Belorussia, Poland, and Catholicism

Belorussia, Poland, and Catholicism

The Union of Krevo (1385), which joined Poland and the Grand Duchy in a confederation, hinged on Lithuanian Grand Duke Jogaila's conversion from paganism to Roman Catholicism and his subsequent marriage to twelve-year-old Queen Jadwiga of Poland. Thus he became Wladyslaw II Jagiello, king of Poland. Poland and Lithuania were later united into a single state, the PolishLithuanian Commonwealth, by the Union of Lublin (1569).

When Roman Catholicism became the official religion of Lithuania shortly after Jagiello's conversion, the Lithuanian and Belorussian nobilities began converting from Orthodoxy to Catholicism and assimilating Polish culture (including the language), a process accelerated by the Union of Lublin. As a result, the Belorussian peasantry was ruled by those who shared neither their language nor its religion, Eastern Orthodoxy.

The Union of Brest (1596), which united the Roman Catholic Church with the part of the Orthodox Church that was within the Polish-Lithuanian Commonwealth, was viewed favorably by both the Polish king, Sigismund III, and a number of Orthodox bishops, clergy, and faithful.

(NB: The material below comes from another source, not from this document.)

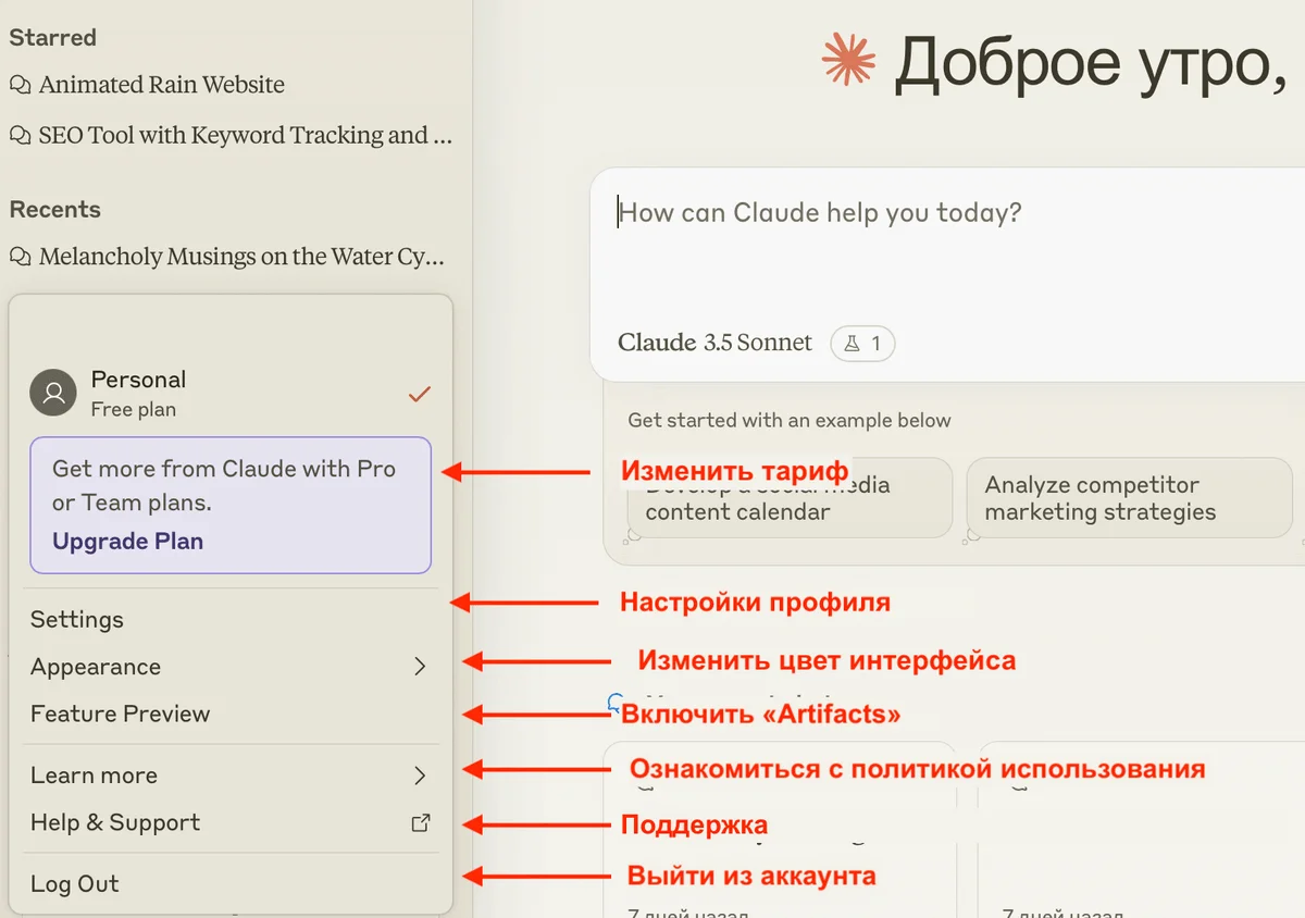 Здесь можно изменить тариф (Upgrade Plan), включить функцию Artifacts (Future Preview), изменить цвет интерфейса (Appearance) на темный и светлый, почитать о компании и политике использования (Learn More), обратиться в поддержку (Help & Support), выйти из аккаунта (Log Out), изменить настройки профиля (Settings).

The new Uniate Church acknowledged the supremacy of the Roman Catholic pope and accepted articles of Roman Catholic religious doctrine. In return, the Uniate Church retained its traditional Orthodox rites and customs as well as a measure of autonomy in nondoctrinal matters; it was also given the same rights and privileges as the Roman Catholic Church. However, fear of the new church's becoming Latinized and Polonized caused many of the Orthodox faithful to reject the union, and the Orthodox Church continued to exist alongside the Uniate Church in an often bitter struggle.

In the aftermath of the Union of Brest, both civil and religious authorities persecuted the Orthodox Church and supported the Uniates in their takeover of Orthodox property. Social conditions deteriorated, there was a large-scale revolt against Polish landowners in 1648-54 (coinciding with the Khmel'nyts'kyi rebellion in Ukraine), and many Belorussians fled to the Ukrainian steppes to join the Cossacks. There was little economic development in Belorussian lands, and the vast majority of the Belorussian population lived on subsistence agriculture.